**What needs to be done:** In the entries below, repeat only the lines between those holding "10/19危機處理煉功讀書會第25場:反洗腦 :自願為奴的真相(本活動匯款報名,限額20位,額滿截止) 2020-09-21" and "The Gold Tri-Bead", inclusive. Leave pictures out.

**Supplied data:**
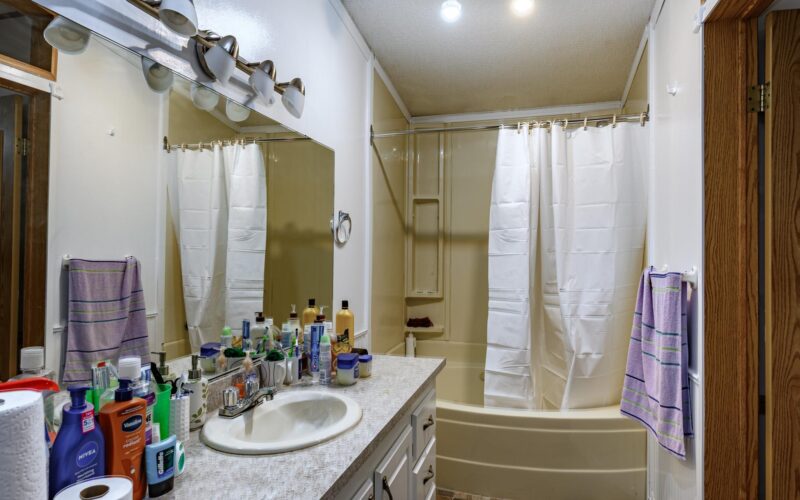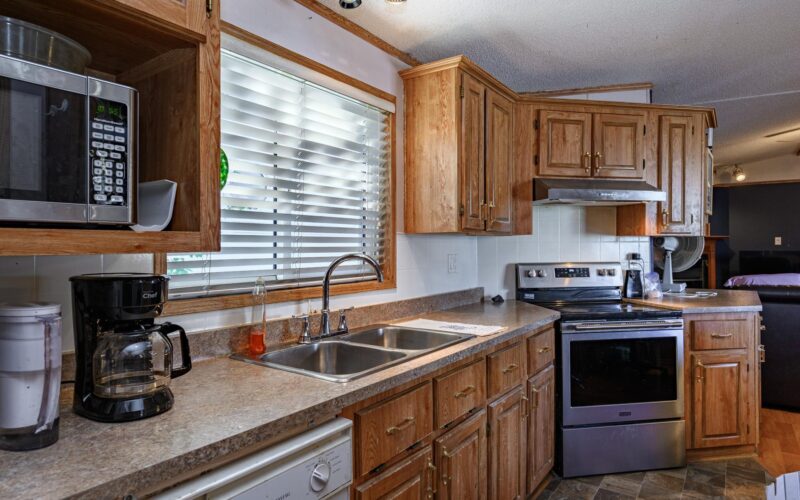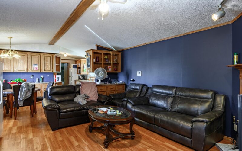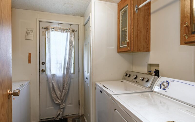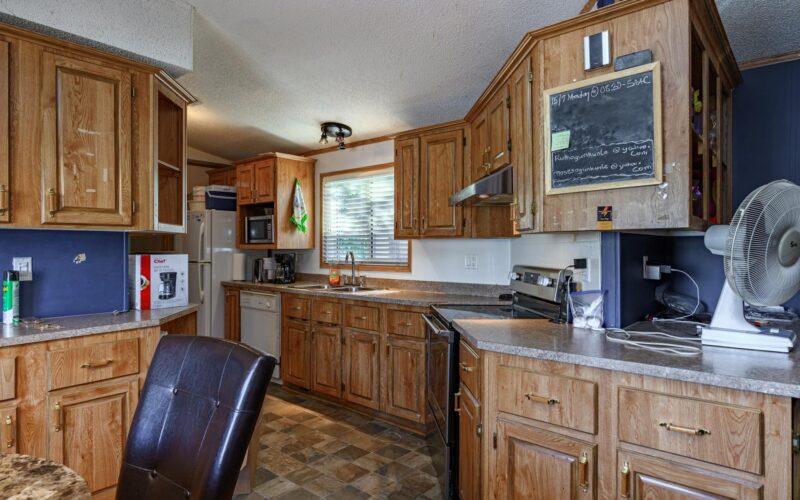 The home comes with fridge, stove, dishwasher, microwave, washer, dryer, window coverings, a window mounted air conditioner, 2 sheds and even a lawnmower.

* * *

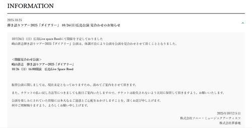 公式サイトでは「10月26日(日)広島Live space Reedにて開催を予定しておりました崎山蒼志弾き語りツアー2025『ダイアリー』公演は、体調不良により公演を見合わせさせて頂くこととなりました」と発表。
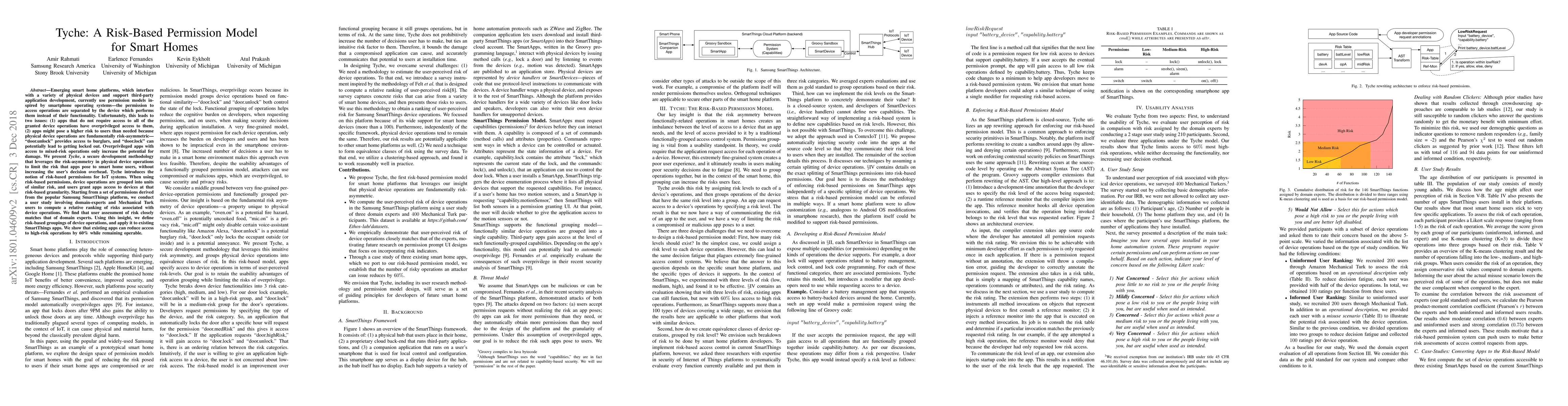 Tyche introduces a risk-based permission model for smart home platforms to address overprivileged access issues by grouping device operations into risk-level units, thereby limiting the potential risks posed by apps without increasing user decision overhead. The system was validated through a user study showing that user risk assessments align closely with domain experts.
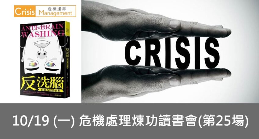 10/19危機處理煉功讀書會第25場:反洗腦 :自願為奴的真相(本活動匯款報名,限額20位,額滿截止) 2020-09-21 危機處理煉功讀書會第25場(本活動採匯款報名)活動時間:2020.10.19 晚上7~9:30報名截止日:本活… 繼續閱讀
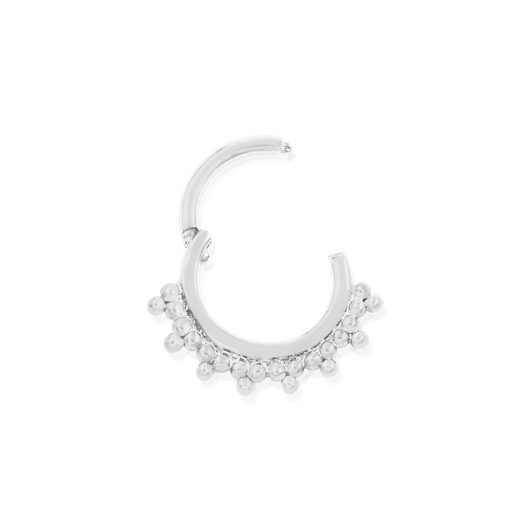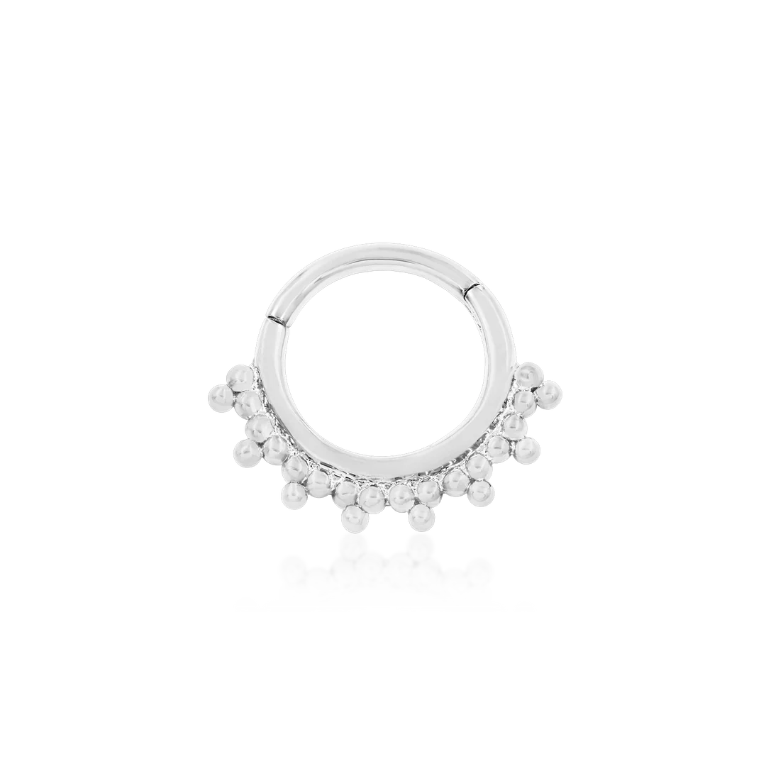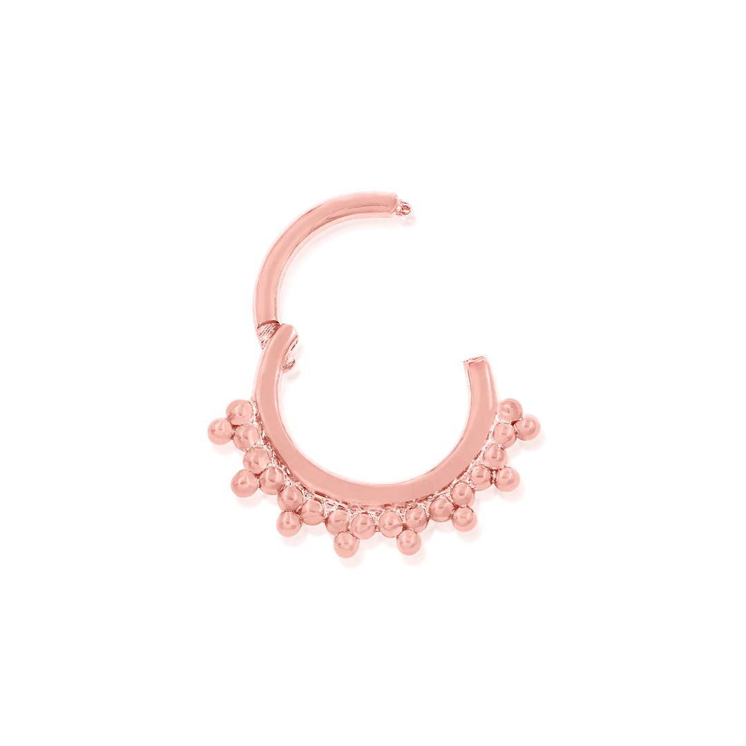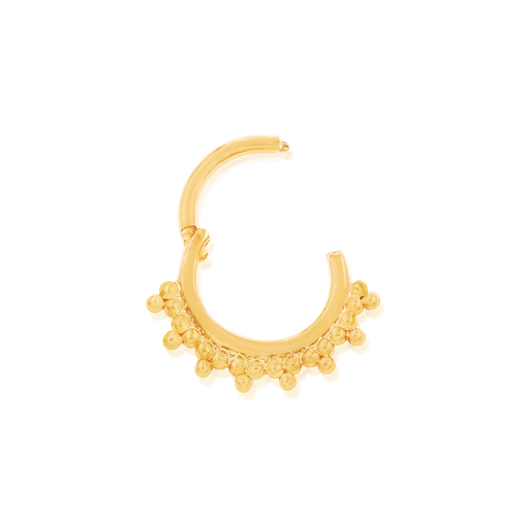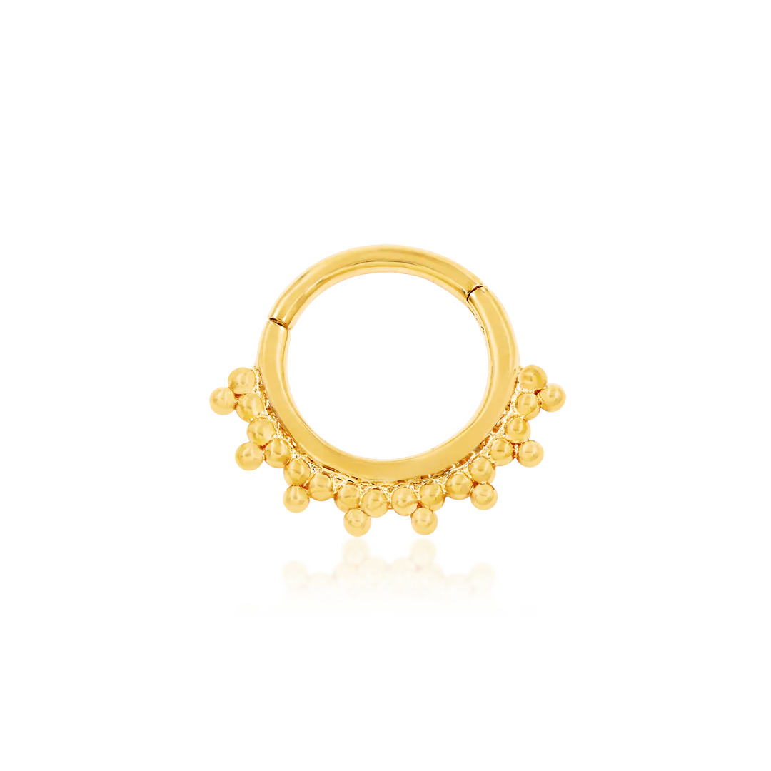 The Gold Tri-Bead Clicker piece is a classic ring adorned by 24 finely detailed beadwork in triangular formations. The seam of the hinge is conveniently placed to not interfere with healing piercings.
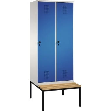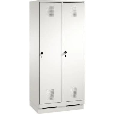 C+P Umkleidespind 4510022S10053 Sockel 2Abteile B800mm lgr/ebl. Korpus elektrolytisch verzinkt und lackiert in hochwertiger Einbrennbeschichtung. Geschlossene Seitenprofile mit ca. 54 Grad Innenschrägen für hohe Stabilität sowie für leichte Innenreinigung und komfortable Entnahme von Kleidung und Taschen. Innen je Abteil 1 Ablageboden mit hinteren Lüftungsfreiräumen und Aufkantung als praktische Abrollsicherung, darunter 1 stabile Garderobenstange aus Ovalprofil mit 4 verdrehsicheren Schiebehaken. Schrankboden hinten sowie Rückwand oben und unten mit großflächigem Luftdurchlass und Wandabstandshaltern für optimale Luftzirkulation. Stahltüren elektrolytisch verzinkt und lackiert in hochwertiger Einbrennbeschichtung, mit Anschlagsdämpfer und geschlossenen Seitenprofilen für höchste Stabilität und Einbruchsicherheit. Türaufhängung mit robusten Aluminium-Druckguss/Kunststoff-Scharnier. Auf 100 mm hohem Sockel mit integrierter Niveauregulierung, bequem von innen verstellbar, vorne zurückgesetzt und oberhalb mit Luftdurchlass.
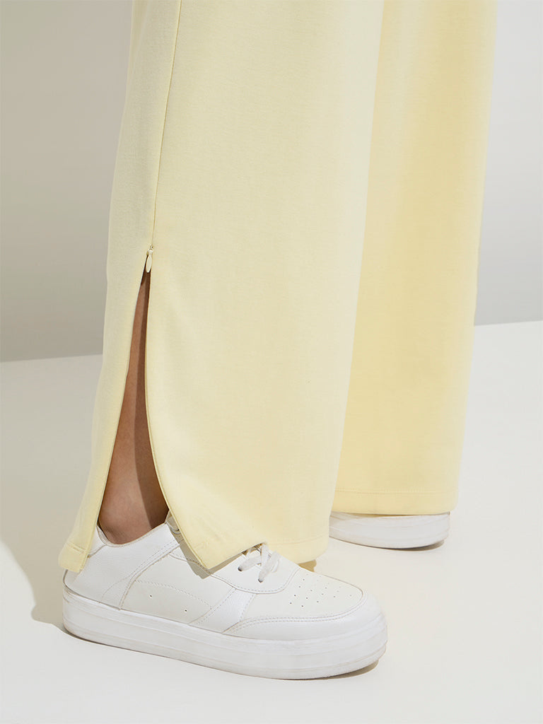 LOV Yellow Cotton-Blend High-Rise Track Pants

**Exercise response:**
 10/19危機處理煉功讀書會第25場:反洗腦 :自願為奴的真相(本活動匯款報名,限額20位,額滿截止) 2020-09-21 危機處理煉功讀書會第25場(本活動採匯款報名)活動時間:2020.10.19 晚上7~9:30報名截止日:本活… 繼續閱讀
 The Gold Tri-Bead Clicker piece is a classic ring adorned by 24 finely detailed beadwork in triangular formations. The seam of the hinge is conveniently placed to not interfere with healing piercings.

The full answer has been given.